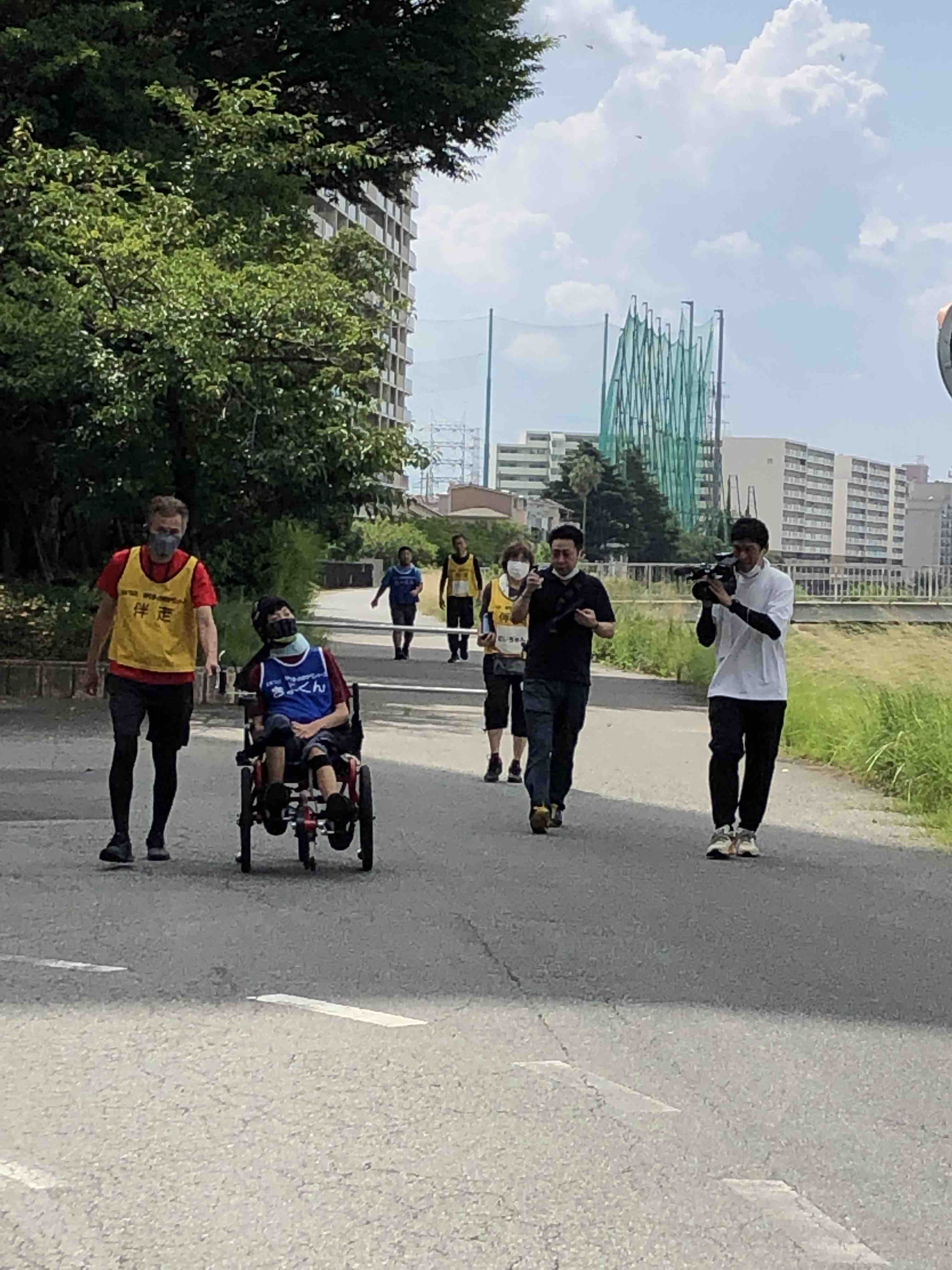 沿道では、いつも応援を受けるキヨもボランティアの皆さんと応援しました。応援場所までは足こぎ車椅子をこいでいましたが、一緒に参加しているような気になったのかな?楽しそうにこいでいました。テレビ中継で歩道走っている人みたいな感じ。
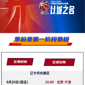 2024-2025赛季CBA联赛季前赛第一阶段赛程出炉!季前赛第一阶段将于9月20-22日在辽宁丹东、福建晋江、宁夏银川、山西晋城、江苏徐州五个赛区同时举行,20支球队将分为五组进行比赛,每组四支球队。
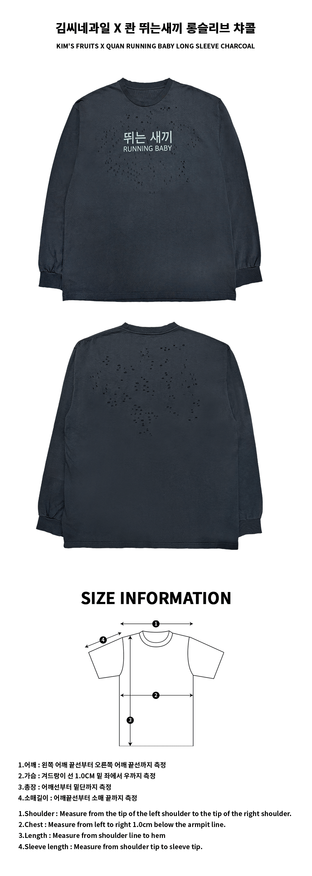 김씨네과일 X 콴 뛰는새끼 롱슬리브 챠콜

Task brief | Repeat all of the listing above word for word, and exclude the pictures.

The completed task |
 沿道では、いつも応援を受けるキヨもボランティアの皆さんと応援しました。応援場所までは足こぎ車椅子をこいでいましたが、一緒に参加しているような気になったのかな?楽しそうにこいでいました。テレビ中継で歩道走っている人みたいな感じ。
 2024-2025赛季CBA联赛季前赛第一阶段赛程出炉!季前赛第一阶段将于9月20-22日在辽宁丹东、福建晋江、宁夏银川、山西晋城、江苏徐州五个赛区同时举行,20支球队将分为五组进行比赛,每组四支球队。
 김씨네과일 X 콴 뛰는새끼 롱슬리브 챠콜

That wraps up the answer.